(Stored items)
++++++++++++++++++++

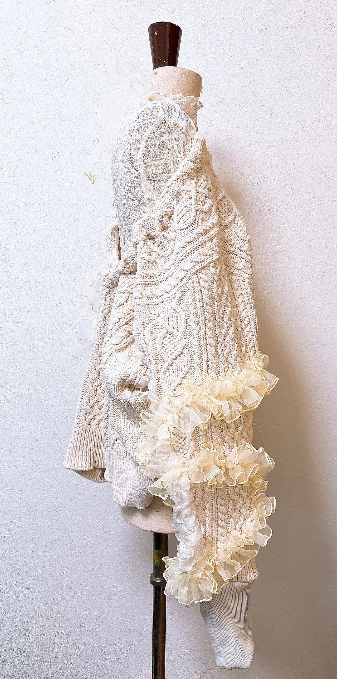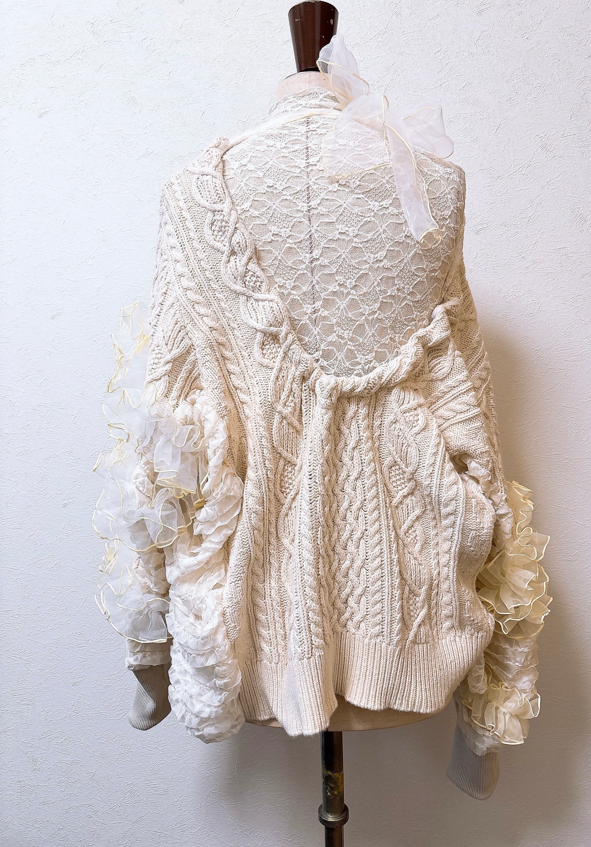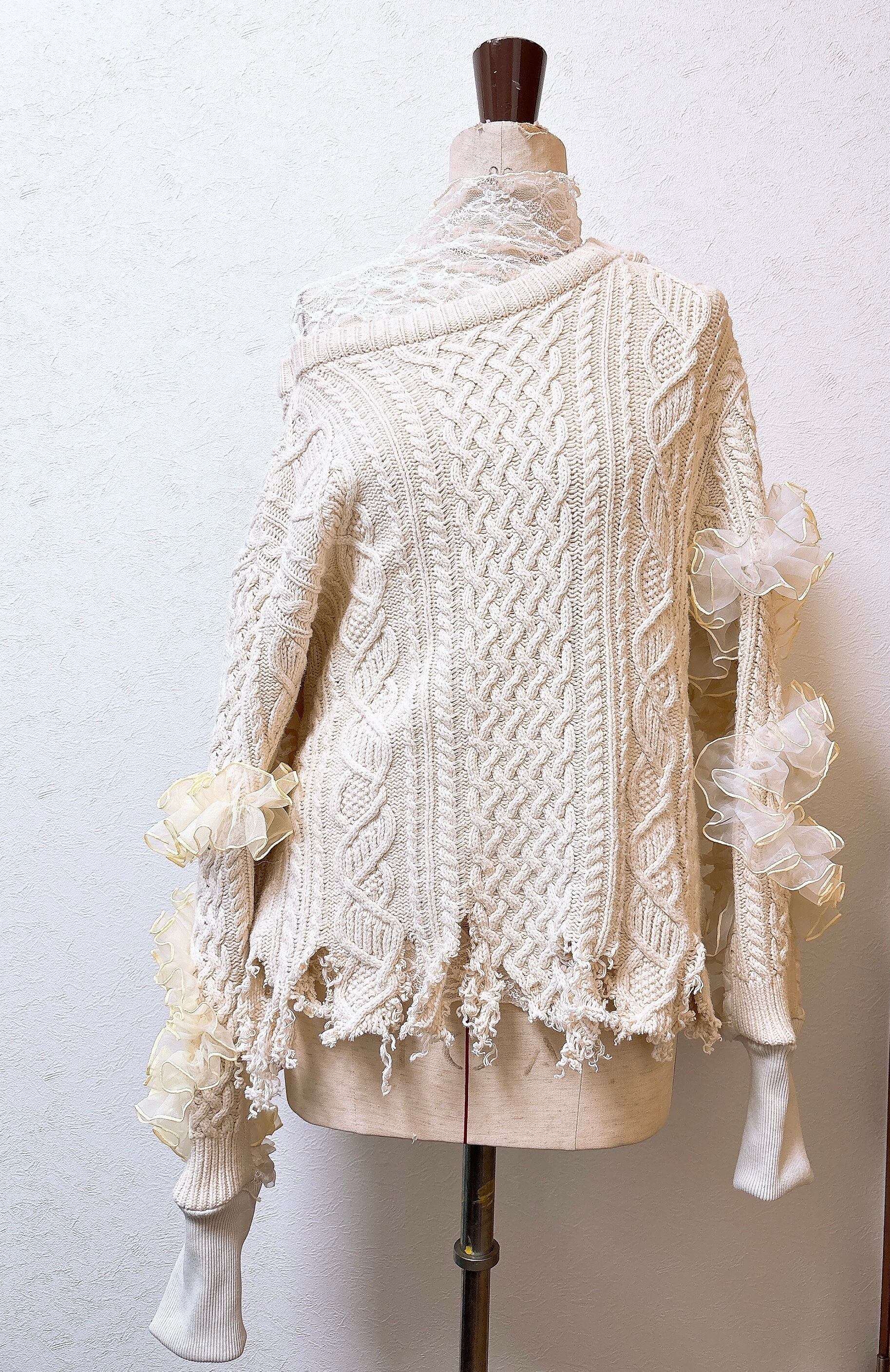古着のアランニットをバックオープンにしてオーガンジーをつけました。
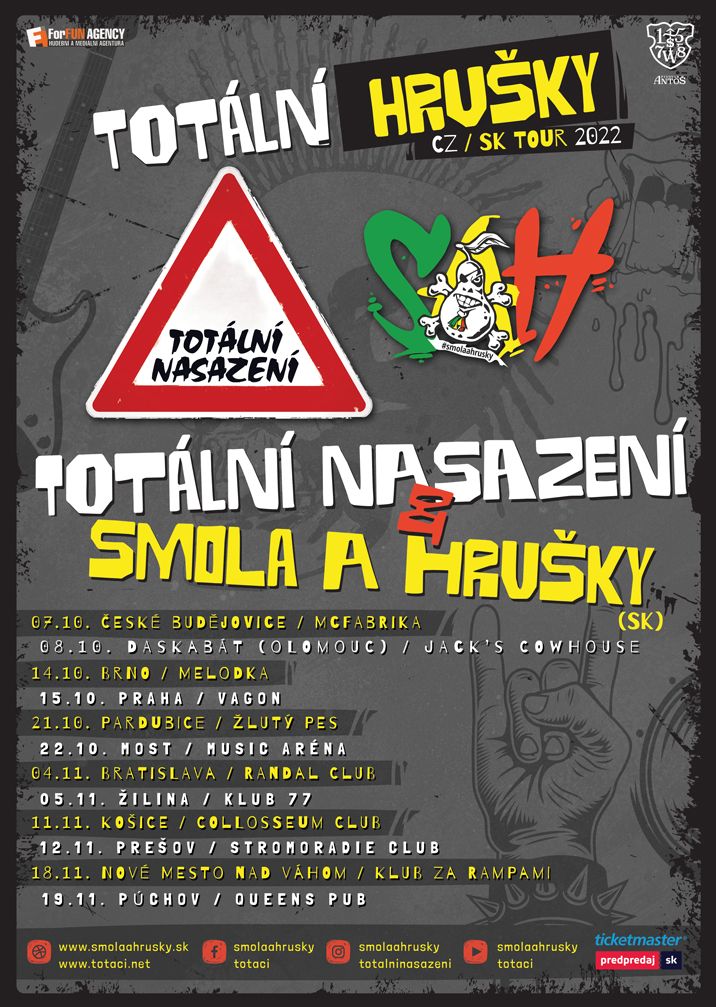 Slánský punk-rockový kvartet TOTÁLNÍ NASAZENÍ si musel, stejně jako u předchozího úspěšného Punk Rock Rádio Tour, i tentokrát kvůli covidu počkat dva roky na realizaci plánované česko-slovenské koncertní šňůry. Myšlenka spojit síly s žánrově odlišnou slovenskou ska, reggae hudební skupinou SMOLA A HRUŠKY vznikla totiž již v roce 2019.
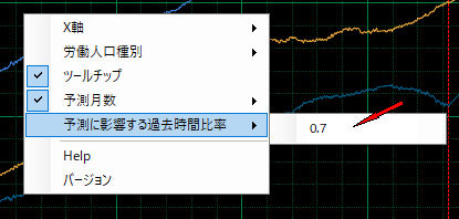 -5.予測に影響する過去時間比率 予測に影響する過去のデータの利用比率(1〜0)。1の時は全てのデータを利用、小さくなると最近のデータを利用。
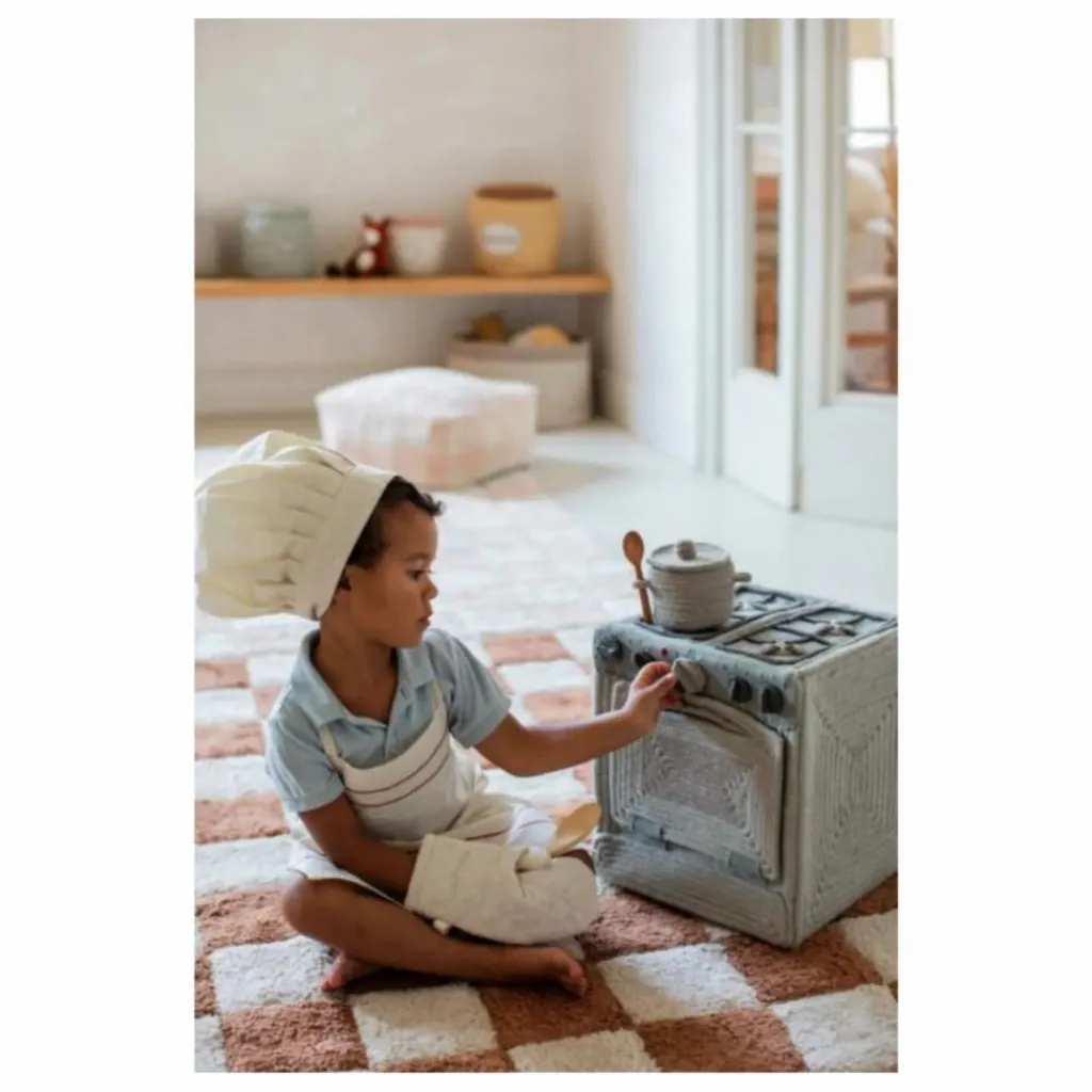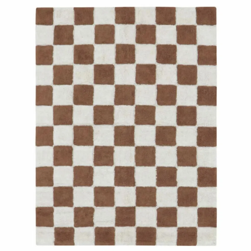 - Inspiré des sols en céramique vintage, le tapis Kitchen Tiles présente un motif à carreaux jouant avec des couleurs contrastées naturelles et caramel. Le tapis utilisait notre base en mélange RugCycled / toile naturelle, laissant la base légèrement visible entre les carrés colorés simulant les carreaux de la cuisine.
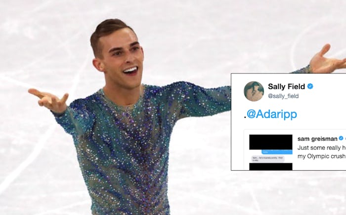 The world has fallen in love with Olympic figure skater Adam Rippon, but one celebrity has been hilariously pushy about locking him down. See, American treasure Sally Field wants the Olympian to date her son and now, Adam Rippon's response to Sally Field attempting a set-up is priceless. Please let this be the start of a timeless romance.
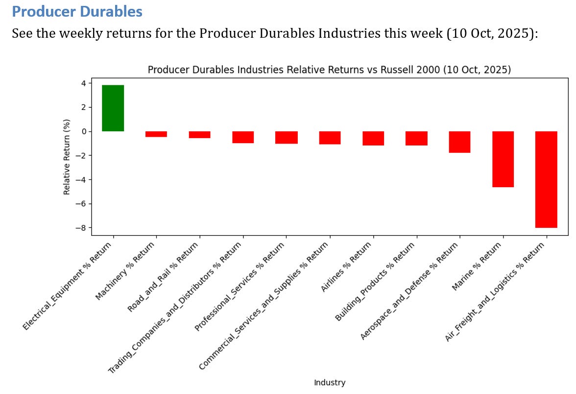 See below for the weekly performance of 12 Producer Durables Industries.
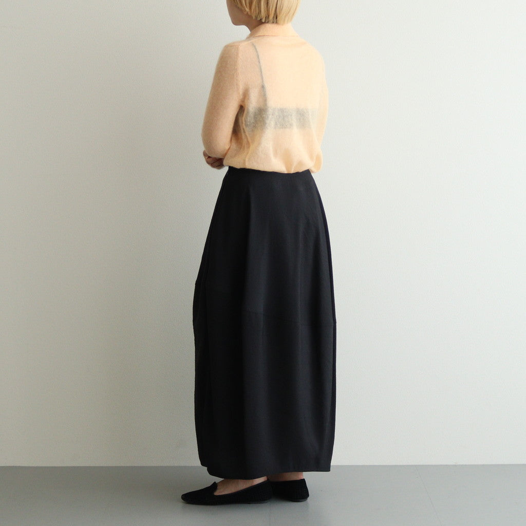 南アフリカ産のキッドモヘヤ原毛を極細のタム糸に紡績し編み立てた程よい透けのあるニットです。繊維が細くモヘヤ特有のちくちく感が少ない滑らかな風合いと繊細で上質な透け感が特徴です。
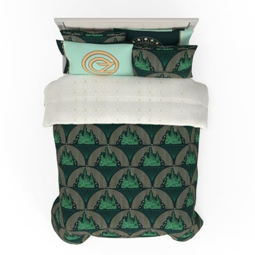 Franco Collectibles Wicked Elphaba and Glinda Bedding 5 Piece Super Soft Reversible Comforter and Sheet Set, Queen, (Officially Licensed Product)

++++++++++++++++++++

[What this task involves]:
What is needed is an exact copy of the data, without any pictures.

[Your response]:
古着のアランニットをバックオープンにしてオーガンジーをつけました。
 Slánský punk-rockový kvartet TOTÁLNÍ NASAZENÍ si musel, stejně jako u předchozího úspěšného Punk Rock Rádio Tour, i tentokrát kvůli covidu počkat dva roky na realizaci plánované česko-slovenské koncertní šňůry. Myšlenka spojit síly s žánrově odlišnou slovenskou ska, reggae hudební skupinou SMOLA A HRUŠKY vznikla totiž již v roce 2019.
 -5.予測に影響する過去時間比率 予測に影響する過去のデータの利用比率(1〜0)。1の時は全てのデータを利用、小さくなると最近のデータを利用。
 - Inspiré des sols en céramique vintage, le tapis Kitchen Tiles présente un motif à carreaux jouant avec des couleurs contrastées naturelles et caramel. Le tapis utilisait notre base en mélange RugCycled / toile naturelle, laissant la base légèrement visible entre les carrés colorés simulant les carreaux de la cuisine.
 The world has fallen in love with Olympic figure skater Adam Rippon, but one celebrity has been hilariously pushy about locking him down. See, American treasure Sally Field wants the Olympian to date her son and now, Adam Rippon's response to Sally Field attempting a set-up is priceless. Please let this be the start of a timeless romance.
 See below for the weekly performance of 12 Producer Durables Industries.
 南アフリカ産のキッドモヘヤ原毛を極細のタム糸に紡績し編み立てた程よい透けのあるニットです。繊維が細くモヘヤ特有のちくちく感が少ない滑らかな風合いと繊細で上質な透け感が特徴です。
 Franco Collectibles Wicked Elphaba and Glinda Bedding 5 Piece Super Soft Reversible Comforter and Sheet Set, Queen, (Officially Licensed Product)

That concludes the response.